Moving 6/7 of its usual speed a train is 10 min late. Find its usual time to cover the journey

To solve the problem, we need to find the usual time taken by the train to cover the journey. Let's denote the following: - Let the usual speed of the train be \( S \) (in distance units per time unit). - Let the usual time taken to cover the journey be \( T \) (in time units). - Let the distance covered by the train be \( D \). From the relationship between speed, distance, and time, we have: \[ D = S \times T \] When the train moves at \( \frac{6}{7} \) of its usual speed, its new speed becomes: \[ \text{New Speed} = \frac{6}{7} S \] The time taken to cover the same distance \( D \) at this new speed is given by: \[ \text{New Time} = \frac{D}{\text{New Speed}} = \frac{D}{\frac{6}{7} S} = \frac{7D}{6S} \] Now, we know that the train is 10 minutes late when moving at this new speed.
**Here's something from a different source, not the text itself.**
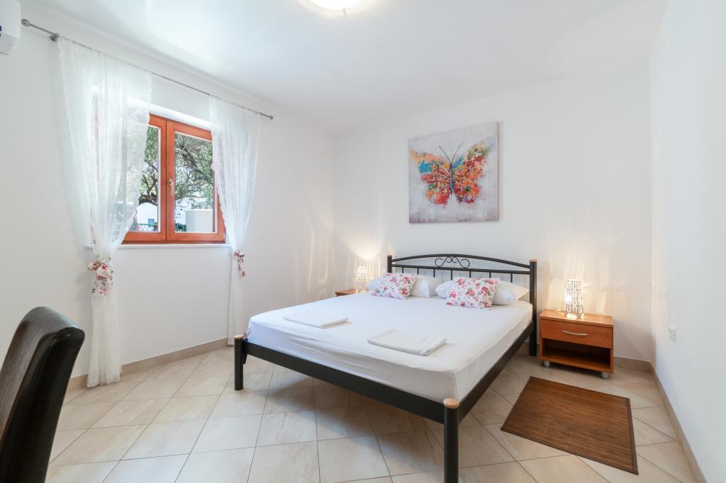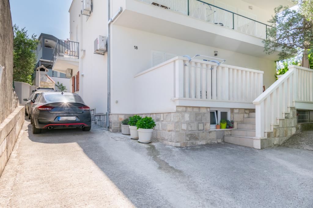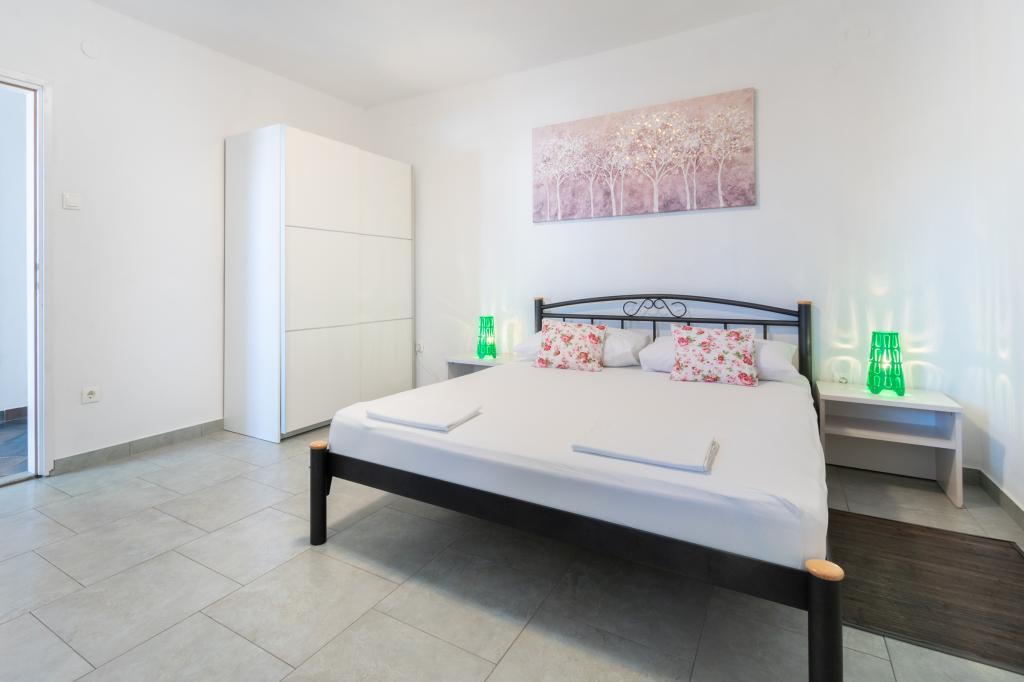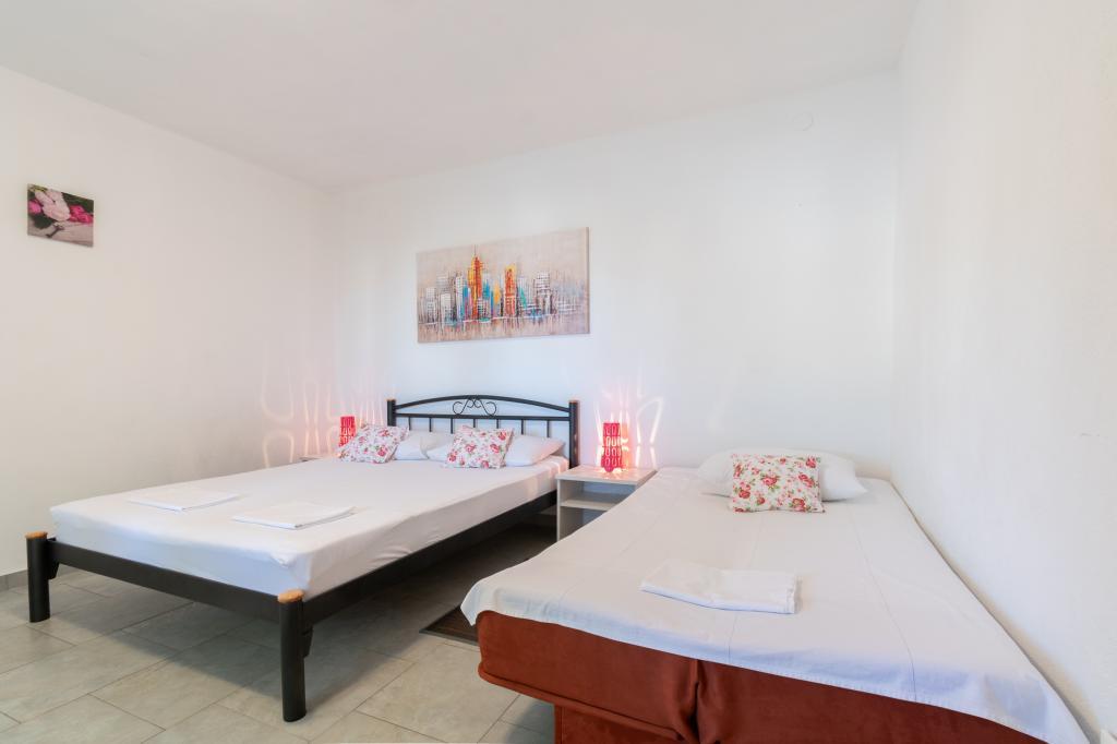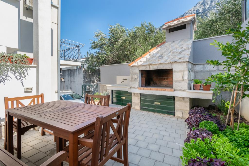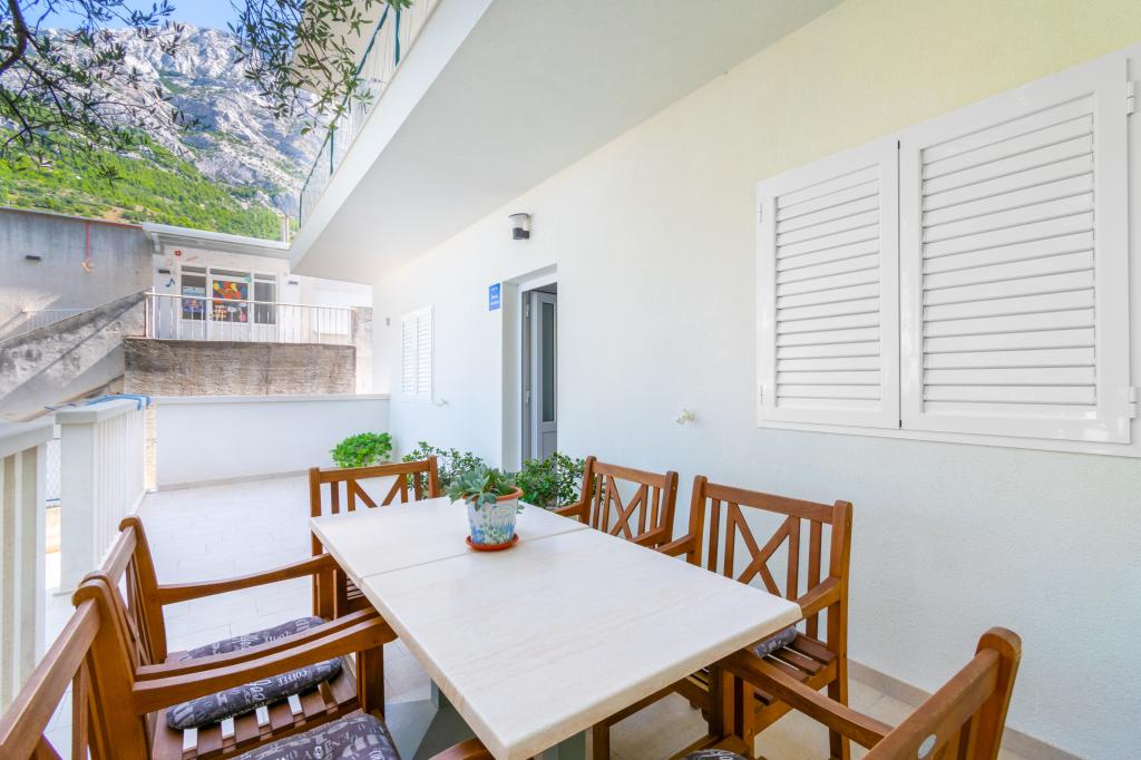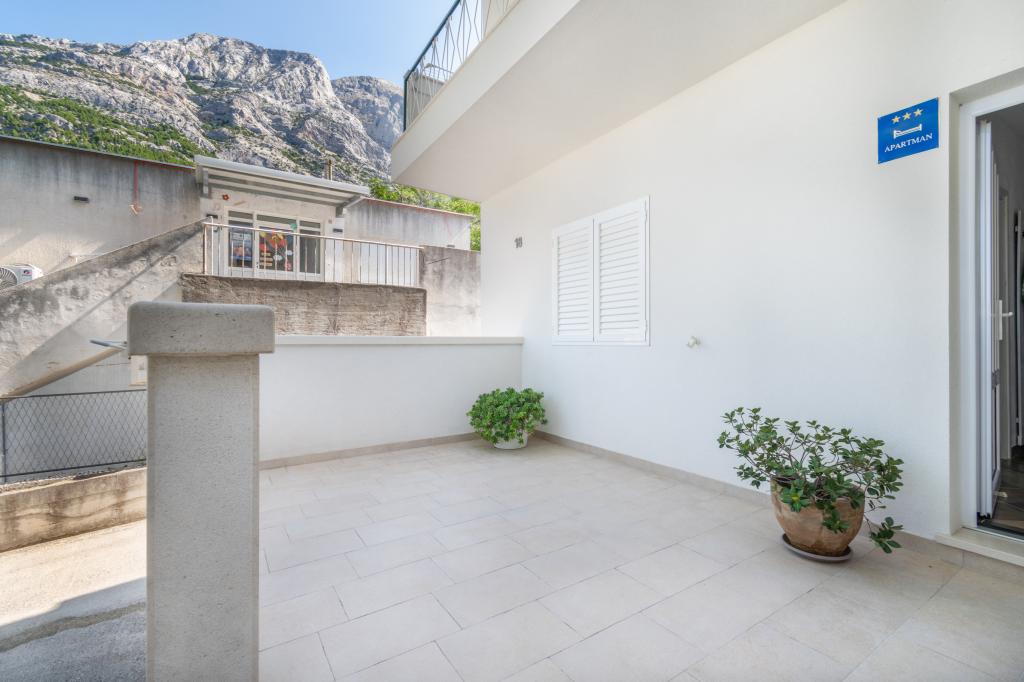 Prostoren in na novo prenovljen trisobni apartma (6+1) se nahaja v čudovitem mestu Baška Voda ob vznožju Biokova. Apartma ima 2 prostorni sobi z zakonsko posteljo in eno sobo z zakonsko posteljo in dodatnim ležiščem, 2 kopalnici, moderno in opremljeno kuhinjo ter prostorno teraso s pogledom na Biokovo in morje. Apartma vsebuje vse, kar potrebujete za brezskrben, prijeten in miren dopust: velika terasa, klima, wi-fi, LCD/SMART TV, pralni stroj, žar, parkirni prostor, posteljnina, brisače. Tržnica, pekarna, mesnica, pošta, lekarna, kavarne in plaže so le nekaj minut hoje stran. Samo središče Baške Vode je le 5 minut hoje od apartmaja s pestro ponudbo restavracij, gostinskih objektov in trgovin s spominki. Tudi poleti je na voljo bogata ponudba adrenalinskih športov, (jet ski, sup deska, parasailing) zabava za najmlajše (nove in atraktivne pedaline, polpodmornice), ležalniki. Zaradi same lokacije apartmaja in bližine centra, med letom niti ne potrebujete avtomobila.

This means: \[ \text{New Time} = T + 10 \text{ minutes} \] We can set up the equation: \[ \frac{7D}{6S} = T + 10 \] Now, substituting \( D \) from the first equation \( D = S \times T \) into the equation, we get: \[ \frac{7(S \times T)}{6S} = T + 10 \] This simplifies to: \[ \frac{7T}{6} = T + 10 \] Now, we will eliminate \( T \) from the right side: \[ \frac{7T}{6} - T = 10 \] To combine the terms on the left, we can rewrite \( T \) as \( \frac{6T}{6} \): \[ \frac{7T}{6} - \frac{6T}{6} = 10 \] This simplifies to: \[ \frac{T}{6} = 10 \] Now, multiplying both sides by 6 gives us: \[ T = 60 \text{ minutes} \] Thus, the usual time taken by the train to cover the journey is **60 minutes**.